You can deploy models from the Model Square or Model Services. The parameters are explained as follows:

  • Select the model to deploy (e.g., Qwen2-0.5B-Instruct), ensuring the chosen model meets your business needs and task scenarios.
  • Model service name must meet the following requirements:
    • Length limit: 2-64 characters
    • Character limit: Only lowercase letters, numbers, and hyphens (-) are supported, and it must start and end with a lowercase letter or number.
    • Example: text-gen-service or model-01
  • Region
    • Select the region for service deployment (e.g., "Shanghai Area 2").
    • The region selection should be based on business coverage and latency requirements.
  • Number of instances
    • Configure the number of instances to deploy.

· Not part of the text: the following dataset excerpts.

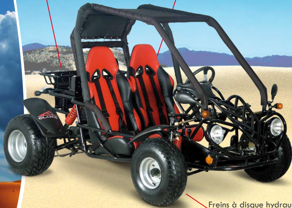
Freins à disque hydraulique
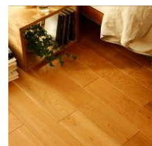
<銘木プレミアムフローリング-チェリー>
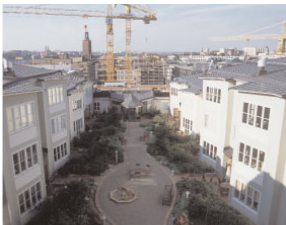
Wahrenberg 11. Vy mot väster från den gård som skapats uppe på taket på P-huset i City. I fonden syns byggnaderna som är i full gång med att förvandla också P-huset Elefanten till bostäder.
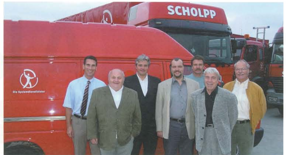
»10 Years after« ein Teil der Mitarbeiter vom '93er-Foto.
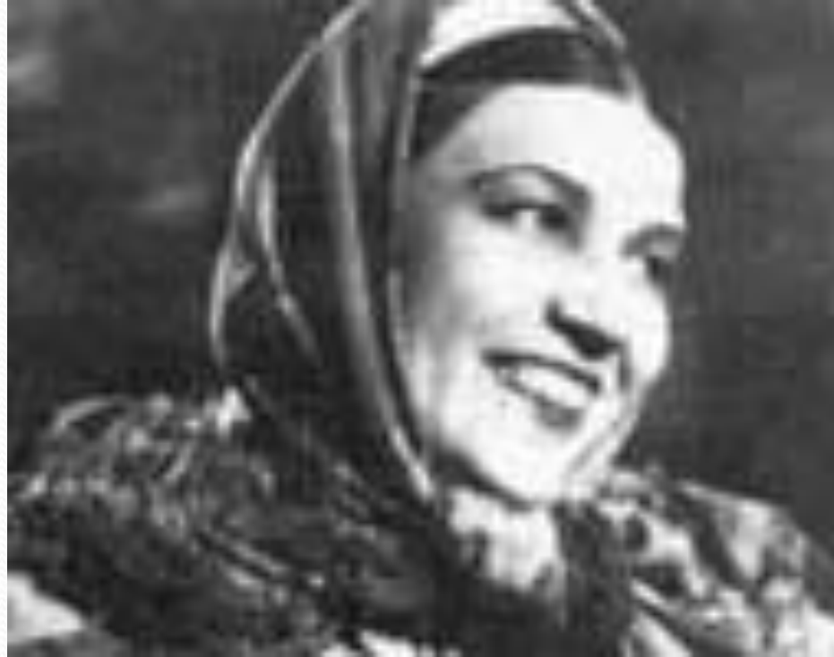
Л.А. Русланова 1940-е годы

Саратовская земля - родина прославленных исполнительниц русских народных песен: народной артистки России О.В. Ковалевой (1881-1962) и заслуженной артистки России Л.А. Руслановой (1900-1973).
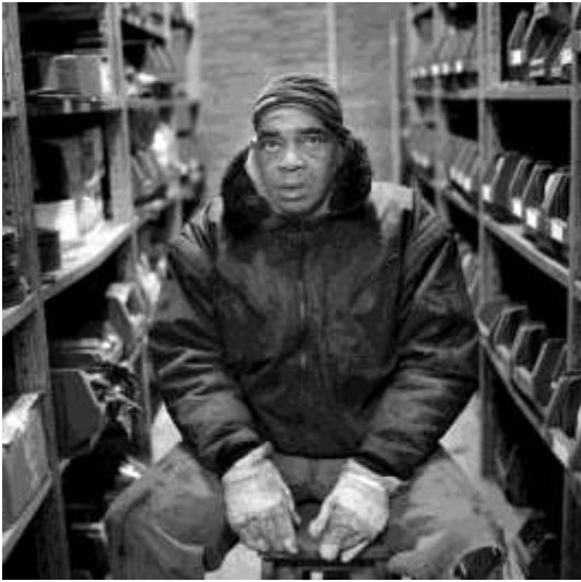
Working class hero #1 Fotografie, 60x60 cm €225
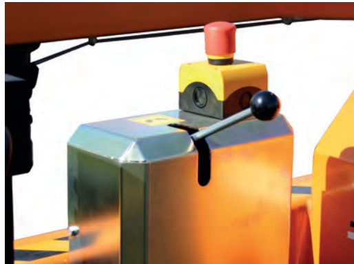
Kelanpyöritys ja hätä-seis-kytkin vaunun takaosassa - käyttäjällä suora näköyhteys kaapeliin
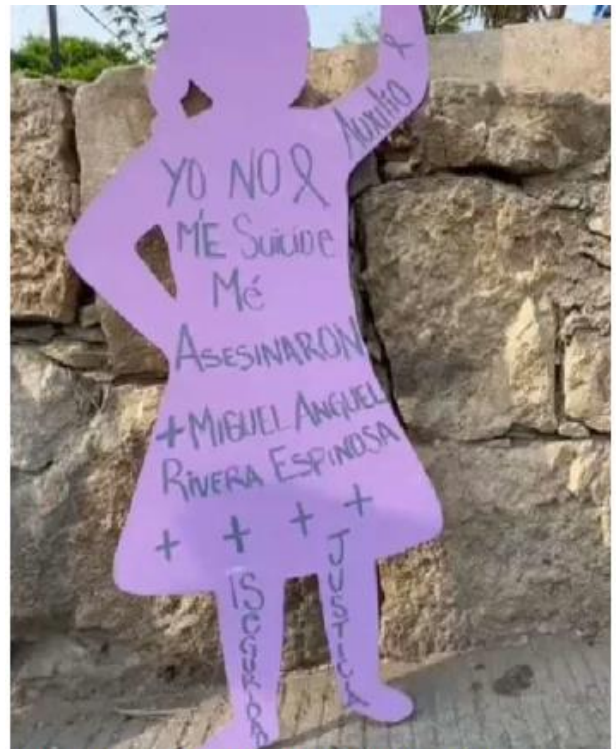
Ven retroceso en lucha contra la violencia de género. ESPECIAL

En respuesta a esta falta de acción legislativa, se espera que grupos como "Madre yo sí te Creo" y el Frente Nacional Contra la Violencia Vicaria emitan un comunicado en los próximos días, expresando su postura y anunciando posibles acciones para abordar esta preocupante omisión en la legislación estatal. —
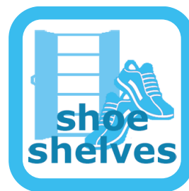
シューズボックスのニオイ
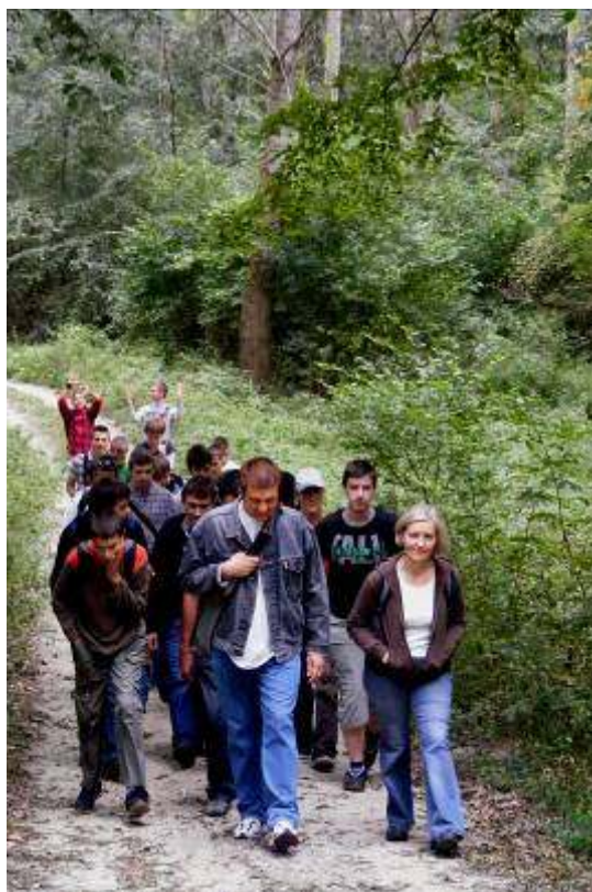
Ismerős túrázók az erdei utakon

Default value: 1
    • Instance explanation: The more instances, the stronger the service's concurrency capability, but costs will increase accordingly.
  • Billing method. d.run offers two billing modes:

    1. Pay-as-you-go:

      • Real-time billing based on usage, suitable for short-term use or dynamic demand users.
      • Cost formula: Number of instances × hourly cost.
      • Example: 1 instance × 3 Yuan/hour = 3 Yuan/hour.
    2. Annual or monthly subscription (not currently supported):

      • Purchase service instances in advance at a relatively discounted price, suitable for long-term users.
      • After choosing this mode, the system will prompt the corresponding annual or monthly fee.
  • View configuration costs:

    • The bottom of the page will automatically display the calculation formula for configuration costs and the estimated costs.
    • Example:
      • Configuration cost: 3 Yuan/hour
      • Calculation formula: 1 (number of instances) × 3 Yuan/hour.